Then, this man who ostensibly “hates” books, will spend several days milking and goading old associates from his glory days into giving me thousands and thousands of the most glorious books I can imagine. Picture it: my normal day-to-day is filled with crayon-colored kids’ books, mass markets, and Jodi Piccoult. Jack cajoles the Harvard Bookstore to give me 16 boxes of clean, crisp paperbacks. He convinces some guy with a warehouse and an addiction to give me 36 boxes of hardcovers, university presses, and cookbooks. “You can always get books,” he says. By which he means that he can always get books.

So, right. This is the type of the person we’re talking about. The addict. As a final example of this addiction, let me just say this. Jack showed up this morning at nine as I arrived at work with three boxes of uncorrected proofs (I now have Joan Didion’s next book, which comes out in two months, e.g.). He says, “Ahh, I just came by to give you these.” I say thanks. I have a whole room to set up, to remove chairs and pianos from, move tables to, tables to stack books on, and boxes to fill, so I go inside quickly. He follows about ten minutes later. Seeing that I’m alone, he — all 68 years of him — helps me move furniture, stack books, re-stack books as the madness ensues, and leaves just fifteen minutes before I do, having been there the whole ten and a half hours with me.

Again, this is a man who “hates” books.

In reality, he is obsessed with them and can’t stand it anymore. He’s drunk with books. He’s never going to go to AA.

It began at four (it continues tomorrow, but that’s another story). By three we had a couple people asking to get in. By half past, there was a line. I had come outside to set up the outdoor “we’re going to lure you in with much better books than the sale on the whole has” table. Almost immediately, a woman asked, “Can we start buying these books now?” Christ on a cracker. I haven’t haggled since India. “Um, hum. No, I’d rather you didn’t.” Did that stop any of these vultures from swarming in to see what I had put out? By no means did it do so. I stopped them from taking any of the books, but I didn’t realize what my hesitance had portended. The woman asked if she had time to park her car somewhere else. I told her she had eighteen minutes. She left. I went back downstairs, told my volunteer not to sell any books, or let anyone take anything, and started moving more books.

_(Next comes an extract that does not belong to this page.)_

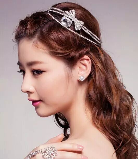发型三:把头发高高挽起,形成较大的花苞头,这一款韩式新娘发型看起来很简单,但却很有味道 ,特别是发间那如满天星星的发饰,起到点睛作用,美到让人移不开眼睛。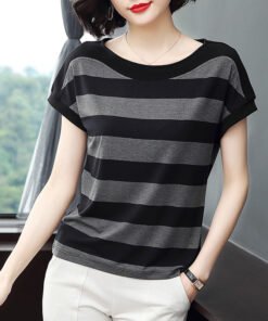 Schreibe die erste Bewertung für „Vapetix M-4XL 2025 Summer Plus Size Women’s Mother’s Wear Fat Mm Slimming Striped Loose Short Sleeve T-Shirt Top“ Antworten abbrechen

Well, my boss went upstairs a moment later, and when everyone began asking if they could go in, she said yes. In they swarmed. A few moments later, the woman who had needed to move her car came back and apparently ran with all her might into the booksale.

Many of them carried sheets, which they used to cover their boxes of pre-sorted books. In other words, they rushed into the hall, cherry-picked what they thought would be worth money, stacked it into boxes, put the boxes under the tables, and covered their boxes with sheets, so that no one else could poach their shit. It was amazing. I don’t know that I’ve ever seen anything like it.

When I went back and forth from my dungeon to the hall, carting around boxes of fresh books and filling gaps left by the customers/book sellers, a few of them would follow me (and my volunteers, including Jack, who became quite friendly with one voluptuous Russian woman) around the room as I filled in gaps, assessing the books along the way. One of them said, awkwardly, “It seems like you’ve got a fan club.” I said, “What?” in that way you do when you haven’t quite heard the first time, but can figure out if you think about it for a second. She replied, “Never mind.”

This went on for three hours, and though many of the pros left after about two, at the end we were kicking people out, because we were tired and we just wanted to get drunk.

Which we did.

***

UPDATE BY TREVOR: If you bug Tom enough, he promises to start a semi[time period] contest whereby the most thoughtful or entertaining commenter over that [time period] wins his or her choice of book from the featured collection listed at the start of the contest. Now of only we had thoughtful and entertaining commenters. (HA! Reader burn! Best way to build an audience, I always say. Call it the Don Rickles method.)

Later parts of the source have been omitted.